The police said, “During an operation by the police in Isawiyah, riot-control measures were employed during which a minor, aged 9, was wounded. The circumstances are being examined.” The examination of circumstances by the police is familiar to everyone: Nothing will come of it. A police officer shoots a boy, and the matter doesn’t even reach the stage of a real investigation. That’s how it is when the victim is a Palestinian, even if he’s a young child.

In the past several years, hundreds of East Jerusalem residents have been wounded by sponge-tipped bullets shot by police. Dozens have lost an eye. In 2014, the police even replaced their old sponge-tipped bullets with harder ones that cause more-serious injuries.

At Hadassah Ein Karem, Mohammed Shatawi, 14, of Qaddum, is hospitalized in critical condition because soldiers shot him in the head with a sponge-tipped bullet. A relative of his, Abd el-Rahman Shatawi, 10, is in a vegetative state at the rehabilitation hospital in Beit Jala, in the West Bank, after soldiers shot him in the head with a live round. These children and many others are victims of the light trigger fingers of Israeli soldiers and policemen. When it comes to Palestinians, there’s no difference between children and adults as far as the Israel Defense Forces and the Israel Police are concerned. They’re all potential terrorists. The contempt for Palestinian lives is the same, whether they’re adults or children.
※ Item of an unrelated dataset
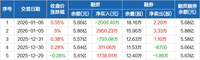 兰石重装:融资净偿还2009.4万元,融资余额5.66亿元(01-06)

The only way to end this intolerable practice of shooting children – who clearly didn’t endanger the lives of the people who shot them – is to prosecute the responsible parties. As long as police make do with empty media statements about an “inquiry,” while the IDF Spokesperson’s Unit, asked about a child who was shot, merely says it’s “aware of the allegation,” children will continue to be shot without let or hindrance. There’s nobody to make it clear to soldiers and police officers that when they shoot children, they are committing a crime.

The above article is Haaretz’s lead editorial, as published in the Hebrew and English newspapers in Israel.